[The records Boundary: Start]

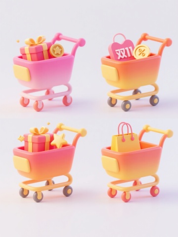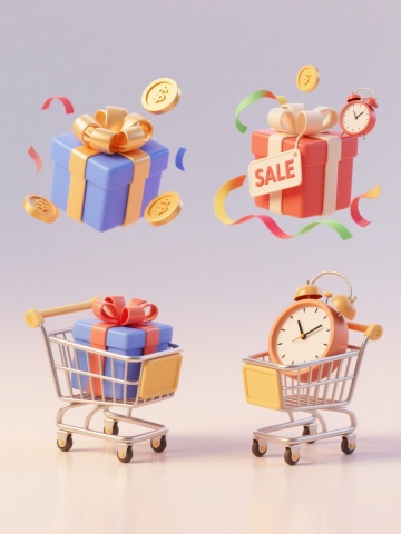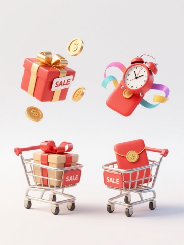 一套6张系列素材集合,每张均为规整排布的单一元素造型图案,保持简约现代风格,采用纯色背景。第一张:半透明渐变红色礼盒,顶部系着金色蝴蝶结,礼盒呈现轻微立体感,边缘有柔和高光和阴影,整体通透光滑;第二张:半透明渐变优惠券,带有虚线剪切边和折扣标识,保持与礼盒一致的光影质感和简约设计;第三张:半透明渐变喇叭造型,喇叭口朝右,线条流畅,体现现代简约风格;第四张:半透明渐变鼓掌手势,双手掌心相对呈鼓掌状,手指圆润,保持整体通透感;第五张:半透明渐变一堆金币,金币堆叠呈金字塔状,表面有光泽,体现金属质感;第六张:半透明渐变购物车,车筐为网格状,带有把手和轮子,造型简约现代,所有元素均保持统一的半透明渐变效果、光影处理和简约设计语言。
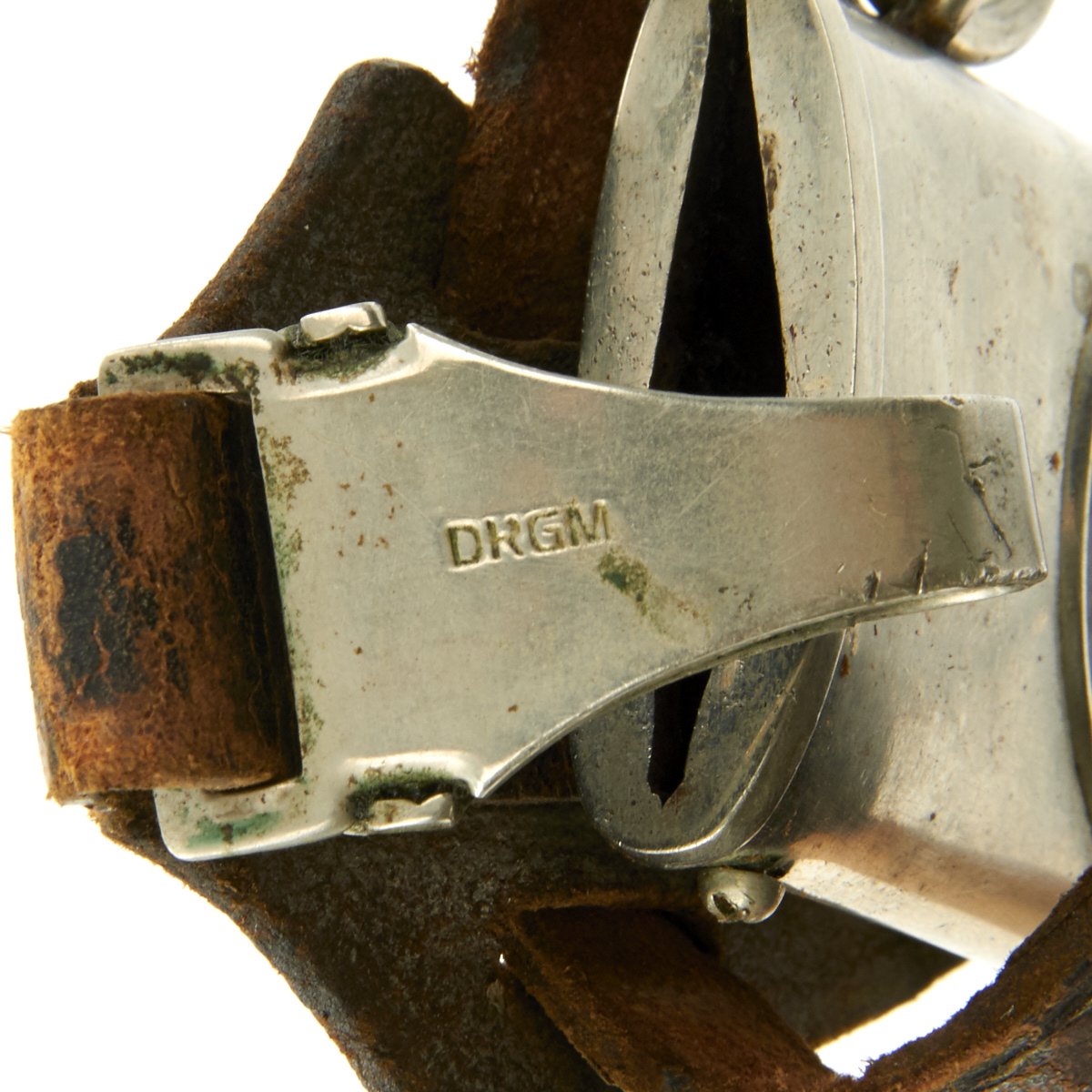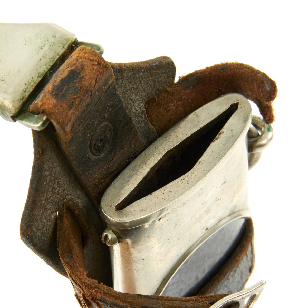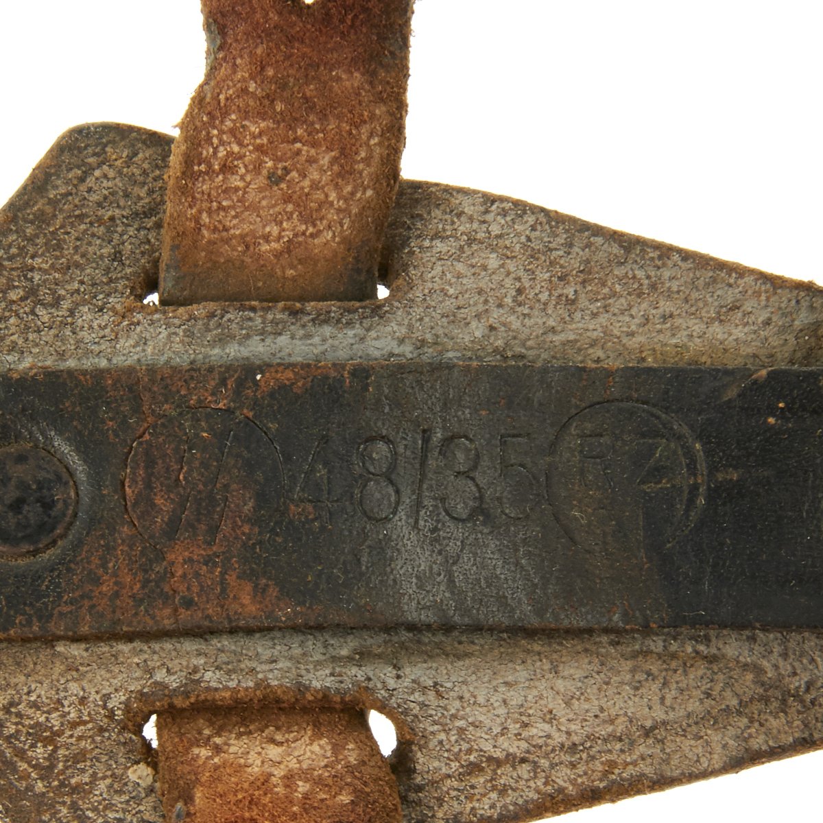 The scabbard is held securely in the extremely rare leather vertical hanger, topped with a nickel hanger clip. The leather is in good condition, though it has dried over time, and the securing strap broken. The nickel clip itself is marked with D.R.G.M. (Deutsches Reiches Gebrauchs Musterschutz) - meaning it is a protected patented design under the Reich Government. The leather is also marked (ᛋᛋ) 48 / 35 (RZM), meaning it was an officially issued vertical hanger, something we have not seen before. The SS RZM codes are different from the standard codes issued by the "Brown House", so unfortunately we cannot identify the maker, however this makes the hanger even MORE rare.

[The records Boundary: End]
[The records Boundary: Start]

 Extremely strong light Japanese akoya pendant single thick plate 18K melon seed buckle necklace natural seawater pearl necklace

[The records Boundary: End]

**The problem:** Reproduce the data above exactly, but only from the line containing "一套6张系列素材集合,每张均" through the line containing "The scabbard is". Omit all pictures.

**Response to this exercise:**
 一套6张系列素材集合,每张均为规整排布的单一元素造型图案,保持简约现代风格,采用纯色背景。第一张:半透明渐变红色礼盒,顶部系着金色蝴蝶结,礼盒呈现轻微立体感,边缘有柔和高光和阴影,整体通透光滑;第二张:半透明渐变优惠券,带有虚线剪切边和折扣标识,保持与礼盒一致的光影质感和简约设计;第三张:半透明渐变喇叭造型,喇叭口朝右,线条流畅,体现现代简约风格;第四张:半透明渐变鼓掌手势,双手掌心相对呈鼓掌状,手指圆润,保持整体通透感;第五张:半透明渐变一堆金币,金币堆叠呈金字塔状,表面有光泽,体现金属质感;第六张:半透明渐变购物车,车筐为网格状,带有把手和轮子,造型简约现代,所有元素均保持统一的半透明渐变效果、光影处理和简约设计语言。
 The scabbard is held securely in the extremely rare leather vertical hanger, topped with a nickel hanger clip. The leather is in good condition, though it has dried over time, and the securing strap broken. The nickel clip itself is marked with D.R.G.M. (Deutsches Reiches Gebrauchs Musterschutz) - meaning it is a protected patented design under the Reich Government. The leather is also marked (ᛋᛋ) 48 / 35 (RZM), meaning it was an officially issued vertical hanger, something we have not seen before. The SS RZM codes are different from the standard codes issued by the "Brown House", so unfortunately we cannot identify the maker, however this makes the hanger even MORE rare.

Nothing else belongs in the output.